Katie and I had only been working there for about 2 weeks when we were goofing around in the waitress’s locker room, changing into street clothes. Specifically, we had a talcum powder fight, which resulted in a large cloud of talcum powder on the floor. Inspired by our favorite movie, I wrote “Surrender Dorothy!” with my finger in the powder and we laughed at our cleverness and went out for drinks at the South Pacific Restaurant, a Chinese/Tiki bar in the Loop.
While we were blythely consuming drinks with names like “Washed Ashore” and “Consuming Desire” however, our new colleague Dorothy was reading our talcum powder message, “Surrender Dorothy!”. She thought it was for her, the real Dorothy. She was scared like hell and the next day she brought a gun to work, thinking she was being stalked.
Although I hardly knew her at the time and swear I did not even remember her name, Dorothy was not a person to keep her thoughts - any of her thoughts — to herself. I learned this quickly at least. When she told me she had brought a gun to work, I asked her why. When she told me about the threatening message in the locker room, I gasped.

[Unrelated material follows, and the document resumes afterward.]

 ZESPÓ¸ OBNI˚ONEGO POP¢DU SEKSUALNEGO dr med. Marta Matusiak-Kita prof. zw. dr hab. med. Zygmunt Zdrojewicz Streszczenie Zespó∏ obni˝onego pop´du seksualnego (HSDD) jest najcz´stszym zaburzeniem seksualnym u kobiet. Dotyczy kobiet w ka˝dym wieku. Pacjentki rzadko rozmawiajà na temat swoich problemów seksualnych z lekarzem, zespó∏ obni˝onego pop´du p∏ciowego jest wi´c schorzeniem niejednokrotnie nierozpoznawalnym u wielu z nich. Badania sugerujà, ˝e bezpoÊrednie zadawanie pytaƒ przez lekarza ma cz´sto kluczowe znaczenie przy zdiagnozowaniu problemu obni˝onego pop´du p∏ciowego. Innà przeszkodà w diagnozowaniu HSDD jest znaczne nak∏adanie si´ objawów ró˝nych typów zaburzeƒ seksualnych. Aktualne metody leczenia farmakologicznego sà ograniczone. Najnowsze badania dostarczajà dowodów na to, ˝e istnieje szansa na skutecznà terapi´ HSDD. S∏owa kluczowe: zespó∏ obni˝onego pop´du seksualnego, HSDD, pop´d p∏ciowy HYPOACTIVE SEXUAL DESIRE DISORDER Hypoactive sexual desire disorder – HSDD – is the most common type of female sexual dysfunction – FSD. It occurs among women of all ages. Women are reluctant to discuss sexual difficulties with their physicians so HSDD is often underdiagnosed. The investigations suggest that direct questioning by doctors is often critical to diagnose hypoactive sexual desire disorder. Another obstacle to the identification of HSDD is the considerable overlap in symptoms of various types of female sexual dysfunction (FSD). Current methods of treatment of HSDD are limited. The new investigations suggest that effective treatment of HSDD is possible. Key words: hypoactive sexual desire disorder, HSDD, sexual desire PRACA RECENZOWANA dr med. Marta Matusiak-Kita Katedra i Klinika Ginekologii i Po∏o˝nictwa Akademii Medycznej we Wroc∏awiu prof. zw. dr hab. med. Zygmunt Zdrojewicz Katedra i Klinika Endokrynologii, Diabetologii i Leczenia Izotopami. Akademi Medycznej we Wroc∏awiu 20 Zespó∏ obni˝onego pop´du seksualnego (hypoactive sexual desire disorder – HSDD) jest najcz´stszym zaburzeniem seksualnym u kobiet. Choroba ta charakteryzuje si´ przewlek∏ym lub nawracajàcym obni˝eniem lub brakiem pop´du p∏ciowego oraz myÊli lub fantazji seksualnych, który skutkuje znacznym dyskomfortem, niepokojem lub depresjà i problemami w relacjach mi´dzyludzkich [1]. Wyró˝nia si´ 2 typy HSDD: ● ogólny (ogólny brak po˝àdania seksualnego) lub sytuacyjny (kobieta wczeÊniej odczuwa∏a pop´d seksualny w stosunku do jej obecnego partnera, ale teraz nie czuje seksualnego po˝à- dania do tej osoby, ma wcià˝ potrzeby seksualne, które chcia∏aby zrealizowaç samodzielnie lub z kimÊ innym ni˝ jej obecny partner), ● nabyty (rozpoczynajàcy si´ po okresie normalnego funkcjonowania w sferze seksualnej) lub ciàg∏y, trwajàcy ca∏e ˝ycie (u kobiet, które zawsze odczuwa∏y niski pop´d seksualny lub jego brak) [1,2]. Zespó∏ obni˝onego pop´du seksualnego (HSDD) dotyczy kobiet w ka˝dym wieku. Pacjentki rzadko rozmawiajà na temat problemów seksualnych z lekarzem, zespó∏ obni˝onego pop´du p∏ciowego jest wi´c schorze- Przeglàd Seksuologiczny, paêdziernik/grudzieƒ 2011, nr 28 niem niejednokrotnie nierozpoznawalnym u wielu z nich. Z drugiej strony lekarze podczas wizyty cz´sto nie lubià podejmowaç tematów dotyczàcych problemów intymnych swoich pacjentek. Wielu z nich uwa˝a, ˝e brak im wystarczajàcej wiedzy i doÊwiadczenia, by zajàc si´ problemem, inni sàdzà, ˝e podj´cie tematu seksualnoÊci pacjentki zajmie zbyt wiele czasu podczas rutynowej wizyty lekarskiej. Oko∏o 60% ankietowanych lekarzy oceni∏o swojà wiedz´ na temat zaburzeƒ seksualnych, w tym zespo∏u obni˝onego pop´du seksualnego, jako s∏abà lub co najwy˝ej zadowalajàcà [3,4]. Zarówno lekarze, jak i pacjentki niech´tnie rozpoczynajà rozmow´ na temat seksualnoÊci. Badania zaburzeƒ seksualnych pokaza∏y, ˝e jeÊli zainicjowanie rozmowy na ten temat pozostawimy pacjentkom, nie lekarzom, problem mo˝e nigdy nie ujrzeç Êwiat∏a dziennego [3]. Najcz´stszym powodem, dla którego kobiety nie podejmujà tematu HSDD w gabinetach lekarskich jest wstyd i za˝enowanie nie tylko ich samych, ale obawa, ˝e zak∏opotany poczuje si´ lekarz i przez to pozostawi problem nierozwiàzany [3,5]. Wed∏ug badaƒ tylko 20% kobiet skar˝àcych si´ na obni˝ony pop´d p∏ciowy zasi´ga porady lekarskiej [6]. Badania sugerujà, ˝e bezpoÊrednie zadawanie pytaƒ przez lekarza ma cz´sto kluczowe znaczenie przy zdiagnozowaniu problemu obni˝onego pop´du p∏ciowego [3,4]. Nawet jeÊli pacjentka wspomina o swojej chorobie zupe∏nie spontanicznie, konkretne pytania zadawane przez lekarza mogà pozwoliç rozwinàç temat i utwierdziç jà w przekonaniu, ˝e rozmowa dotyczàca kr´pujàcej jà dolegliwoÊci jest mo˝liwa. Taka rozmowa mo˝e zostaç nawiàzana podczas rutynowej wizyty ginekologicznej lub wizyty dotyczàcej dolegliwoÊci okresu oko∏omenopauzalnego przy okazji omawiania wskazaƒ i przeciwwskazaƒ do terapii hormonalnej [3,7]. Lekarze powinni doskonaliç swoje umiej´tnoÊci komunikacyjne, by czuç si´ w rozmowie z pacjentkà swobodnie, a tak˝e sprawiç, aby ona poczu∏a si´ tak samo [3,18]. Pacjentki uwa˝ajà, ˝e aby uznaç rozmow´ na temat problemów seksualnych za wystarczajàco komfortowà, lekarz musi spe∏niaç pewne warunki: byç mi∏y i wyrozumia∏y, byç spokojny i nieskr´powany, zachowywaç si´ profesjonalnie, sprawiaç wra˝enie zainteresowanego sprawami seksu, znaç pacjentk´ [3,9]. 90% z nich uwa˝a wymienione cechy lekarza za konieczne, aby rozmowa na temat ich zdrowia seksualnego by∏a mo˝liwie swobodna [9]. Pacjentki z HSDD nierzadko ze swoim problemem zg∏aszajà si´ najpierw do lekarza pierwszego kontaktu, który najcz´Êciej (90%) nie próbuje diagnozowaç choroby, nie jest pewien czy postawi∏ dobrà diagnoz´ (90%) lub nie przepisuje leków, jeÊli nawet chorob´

Our eyes met — she had beautiful big dark brown honest (they seemed to be searching) eyes — and I quickly tried to figure out the best way to tell her not to worry, she wasn’t being stalked — without getting shot on my 12th day of work. Fortunately Dorothy had a great sense of humor, and the truth worked. And my profuse apologies. Many apologies. In retrospect, if she hadn’t seen the horrified look on my face, she might have been more pissed. She knew it was an honest - stupid yes, but honest — mistake. I had to explain the whole wicked witch in the clouds thing to her which she kind of remembered.
And word had gotten out — everyone was talking about this incident with one of the new waitresses. I apologized to our manager, Mr. Cunningham, who was forgiving of all of the commotion. (”I thought she was the quiet one” he remarked to the bartender. “Those are the ones you have to watch out for,” the bartender answered.)
The real Dorothy and I connected and she tolerated me after that - she was really a great person to work with and taught me a lot - not so much about cooking, but about working, life and fun.
Katie quit soon after but we continued to meet for Tiki drinks and laugh about the danger of talcum powder fights.